Merdivenden indiğinde Rahmi Bey’ e benzettiği adamı tekrar gördü. Bu kez kazan dairesinin önündeydi ve hala kendisine bakmaya devam ediyordu. Kim bilir ne zamandan beri Ersin Kara’yı izliyordu? Cebinden çıkardığı küçük bir anahtarla kazan dairesinin kapısını açtı ve Ersin Kara’ya eliyle içeri girmesi için işaret etti. Ersin Kara artık Rahmi Bey olduğundan emin olduğu bu adamın talimatına uydu, ellerini tulumuna sildi ve arkasından içeri girdi. Kazan dairesi, gözlerden ırak, koridorun en dibindeydi. İçerisi karanlık, havasız, basıktı. Uzun süre boş beklemiş, boyacılar, sıvacılar tarafından tuvalet niyetine kullanılmış olmalıydı, zira içerisi yoğun nem, dışkı ve idrar kokuyordu. Zemin yapış yapıştı. Odanın orta yerinde, rulo halinde katlanmış tüylü yalıtım şilteleri serilmişti. Buraya ilk kez gelen bir ziyaretçinin dikkatini şiltelerin üzerlerinde paslanmaz saçtan üretilmiş yirmi santim çapında üst üste konmuş iki metrelik baca boruları çekerdi. Ancak Rahmi Bey boruları kendi eliyle tutup yere indirince arkalarında gizlenmiş olan kazan ortaya çıktı.

Kazan ovaldi, üzerinde taş yünü şilte seriliydi. Kuytuda olmasına rağmen loş ışıkta dahi kırmızı rengiyle göz alıcıydı. Baca borularının arasından Ersin Kara kazana yaklaştı, çömeldi. Kazanın kapağı parlak, pürüzsüz, pırıl pırıldı. Eliyle şiltenin tüylerini altına, oradan brülörün çıkıntısına uzandı. Doğalgazın giriş yerini yokladı. Esnek fleksi iki yana çekerek genişletebilirdi. Fleksin boruya bağlanacak ucu ambalajlı, naylon ile kapalıydı. Ersin Kara hayretle yerinden doğruldu. Rahmi Bey soğukkanlılıkla ‘Henüz kimse açmadı,’ dedi. Ersin Kara’ ya kazanın arkasındaki baca deliğini gösterdi. ‘Becerikli temiz yüzlü bir çocuksun… Bu işi sen yap istiyorum.’

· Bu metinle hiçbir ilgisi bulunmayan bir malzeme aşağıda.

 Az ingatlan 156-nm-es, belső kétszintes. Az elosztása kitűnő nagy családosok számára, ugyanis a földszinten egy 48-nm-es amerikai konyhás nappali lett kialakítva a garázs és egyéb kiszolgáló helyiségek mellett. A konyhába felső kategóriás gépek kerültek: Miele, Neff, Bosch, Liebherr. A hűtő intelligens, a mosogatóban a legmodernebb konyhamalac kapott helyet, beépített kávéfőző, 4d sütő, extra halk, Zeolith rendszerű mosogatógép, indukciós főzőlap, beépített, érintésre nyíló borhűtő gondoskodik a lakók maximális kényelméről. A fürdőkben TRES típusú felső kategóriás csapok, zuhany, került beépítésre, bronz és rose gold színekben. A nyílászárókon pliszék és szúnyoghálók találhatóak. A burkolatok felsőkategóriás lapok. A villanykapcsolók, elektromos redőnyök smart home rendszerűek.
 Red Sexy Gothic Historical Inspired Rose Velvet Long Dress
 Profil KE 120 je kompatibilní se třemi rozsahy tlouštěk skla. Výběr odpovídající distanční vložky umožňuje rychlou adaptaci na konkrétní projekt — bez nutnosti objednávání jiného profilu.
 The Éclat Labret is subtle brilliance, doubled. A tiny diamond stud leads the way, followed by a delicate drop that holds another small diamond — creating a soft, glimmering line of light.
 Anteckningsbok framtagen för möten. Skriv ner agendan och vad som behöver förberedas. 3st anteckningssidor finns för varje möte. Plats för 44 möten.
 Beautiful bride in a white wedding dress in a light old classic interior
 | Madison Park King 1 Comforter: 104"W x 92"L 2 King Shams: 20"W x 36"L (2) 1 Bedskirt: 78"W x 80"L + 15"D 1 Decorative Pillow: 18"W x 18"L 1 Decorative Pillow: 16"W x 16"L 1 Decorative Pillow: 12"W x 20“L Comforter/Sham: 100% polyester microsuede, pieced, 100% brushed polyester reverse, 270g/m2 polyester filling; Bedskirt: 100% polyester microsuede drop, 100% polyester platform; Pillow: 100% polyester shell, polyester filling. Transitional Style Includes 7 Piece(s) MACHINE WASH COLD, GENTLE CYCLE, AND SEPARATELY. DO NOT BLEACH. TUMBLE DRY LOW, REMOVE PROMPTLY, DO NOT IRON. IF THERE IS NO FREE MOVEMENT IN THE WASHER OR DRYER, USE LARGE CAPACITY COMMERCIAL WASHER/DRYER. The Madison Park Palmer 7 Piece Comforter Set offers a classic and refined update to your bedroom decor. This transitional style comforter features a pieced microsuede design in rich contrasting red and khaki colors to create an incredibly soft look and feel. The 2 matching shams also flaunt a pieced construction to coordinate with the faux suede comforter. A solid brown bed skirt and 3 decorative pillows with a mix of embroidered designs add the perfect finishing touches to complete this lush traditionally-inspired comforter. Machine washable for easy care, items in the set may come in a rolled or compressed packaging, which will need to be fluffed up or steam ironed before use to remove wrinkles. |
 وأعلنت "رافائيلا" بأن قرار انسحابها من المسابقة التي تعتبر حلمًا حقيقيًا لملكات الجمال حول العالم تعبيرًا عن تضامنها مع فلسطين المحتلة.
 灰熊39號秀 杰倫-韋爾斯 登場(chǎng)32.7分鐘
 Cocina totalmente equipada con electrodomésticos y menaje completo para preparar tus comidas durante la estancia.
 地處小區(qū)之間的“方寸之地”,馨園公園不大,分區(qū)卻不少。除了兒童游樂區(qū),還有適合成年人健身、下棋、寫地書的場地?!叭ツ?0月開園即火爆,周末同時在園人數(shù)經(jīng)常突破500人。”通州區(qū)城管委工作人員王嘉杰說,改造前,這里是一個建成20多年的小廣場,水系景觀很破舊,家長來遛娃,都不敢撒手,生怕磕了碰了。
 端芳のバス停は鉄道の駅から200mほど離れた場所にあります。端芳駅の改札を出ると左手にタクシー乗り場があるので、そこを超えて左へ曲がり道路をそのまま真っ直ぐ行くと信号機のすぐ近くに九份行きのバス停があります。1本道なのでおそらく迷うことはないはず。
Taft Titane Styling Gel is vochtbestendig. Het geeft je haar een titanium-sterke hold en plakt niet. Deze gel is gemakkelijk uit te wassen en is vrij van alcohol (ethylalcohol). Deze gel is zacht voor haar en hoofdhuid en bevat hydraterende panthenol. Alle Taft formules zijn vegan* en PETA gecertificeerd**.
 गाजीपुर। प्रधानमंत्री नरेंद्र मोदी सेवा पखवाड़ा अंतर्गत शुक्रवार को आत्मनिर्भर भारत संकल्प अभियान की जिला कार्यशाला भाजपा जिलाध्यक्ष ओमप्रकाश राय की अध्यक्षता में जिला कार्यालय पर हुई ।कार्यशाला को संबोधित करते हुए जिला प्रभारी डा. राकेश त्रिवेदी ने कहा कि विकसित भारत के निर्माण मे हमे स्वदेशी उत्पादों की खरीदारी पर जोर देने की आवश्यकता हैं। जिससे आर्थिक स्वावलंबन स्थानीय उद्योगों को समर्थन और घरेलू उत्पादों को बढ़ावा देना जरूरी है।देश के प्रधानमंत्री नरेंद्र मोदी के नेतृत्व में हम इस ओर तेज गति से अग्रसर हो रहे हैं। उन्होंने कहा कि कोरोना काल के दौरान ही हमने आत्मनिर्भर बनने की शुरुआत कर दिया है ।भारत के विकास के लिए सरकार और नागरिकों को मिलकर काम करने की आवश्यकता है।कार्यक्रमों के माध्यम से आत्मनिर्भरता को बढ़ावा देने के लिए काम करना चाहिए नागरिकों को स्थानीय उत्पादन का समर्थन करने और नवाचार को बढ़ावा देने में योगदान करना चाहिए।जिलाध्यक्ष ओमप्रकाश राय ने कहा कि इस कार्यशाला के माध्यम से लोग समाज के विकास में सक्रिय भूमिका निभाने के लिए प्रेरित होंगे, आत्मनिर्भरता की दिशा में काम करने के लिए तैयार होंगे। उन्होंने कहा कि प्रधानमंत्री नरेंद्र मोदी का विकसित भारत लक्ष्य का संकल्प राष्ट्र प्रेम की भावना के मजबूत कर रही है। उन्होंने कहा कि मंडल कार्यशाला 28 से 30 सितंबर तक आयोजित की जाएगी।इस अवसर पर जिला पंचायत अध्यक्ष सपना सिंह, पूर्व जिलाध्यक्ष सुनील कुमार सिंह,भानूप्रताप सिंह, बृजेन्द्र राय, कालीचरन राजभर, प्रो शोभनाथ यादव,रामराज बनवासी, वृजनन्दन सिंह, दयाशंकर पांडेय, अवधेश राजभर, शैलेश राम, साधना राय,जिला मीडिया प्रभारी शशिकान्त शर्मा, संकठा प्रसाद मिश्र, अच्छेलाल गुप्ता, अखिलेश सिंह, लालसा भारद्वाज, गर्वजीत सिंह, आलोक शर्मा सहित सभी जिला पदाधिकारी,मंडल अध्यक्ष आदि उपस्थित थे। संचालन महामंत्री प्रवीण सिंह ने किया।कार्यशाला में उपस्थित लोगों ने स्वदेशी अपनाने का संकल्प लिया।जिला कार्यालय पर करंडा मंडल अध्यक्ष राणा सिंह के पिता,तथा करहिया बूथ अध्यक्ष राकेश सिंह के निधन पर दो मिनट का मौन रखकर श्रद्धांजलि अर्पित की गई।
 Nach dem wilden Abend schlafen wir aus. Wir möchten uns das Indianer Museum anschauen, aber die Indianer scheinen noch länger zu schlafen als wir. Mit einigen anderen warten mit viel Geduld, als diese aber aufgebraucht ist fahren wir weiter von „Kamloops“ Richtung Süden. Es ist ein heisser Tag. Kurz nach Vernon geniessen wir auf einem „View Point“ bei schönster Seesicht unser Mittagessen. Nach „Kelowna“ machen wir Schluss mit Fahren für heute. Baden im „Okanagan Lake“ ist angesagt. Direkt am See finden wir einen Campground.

Ersin usta utanarak gözlerini kaçırdı, önüne baktı. Şimdi yıpranmış lekeli tulumunun içinde o işini bilen, başı dik gürbüz yapılı genç adam gitmiş, yerini kararsız toy bir delikanlıya bırakmıştı. Yutkundu, başını geri çevirip vazgeçmeye yeltendi. İşte o zaman Rahmi Bey’ in yüzüne en yakınındakilerden bile esirgediği sevecen bir gülümseme yayıldı. Ersin Kara’nın tereddütlerini anlıyordu ve onu affetmeye hazırdı. Ne de olsa bilmediği, denemediği bir işte yanlış yapmaktan çekiniyordu. Rahmi Bey cesaret vermek için sağ elini Ersin Karanın omzuna koydu.
“Çekinmene gerek yok, ben sana yardım edeceğim. ”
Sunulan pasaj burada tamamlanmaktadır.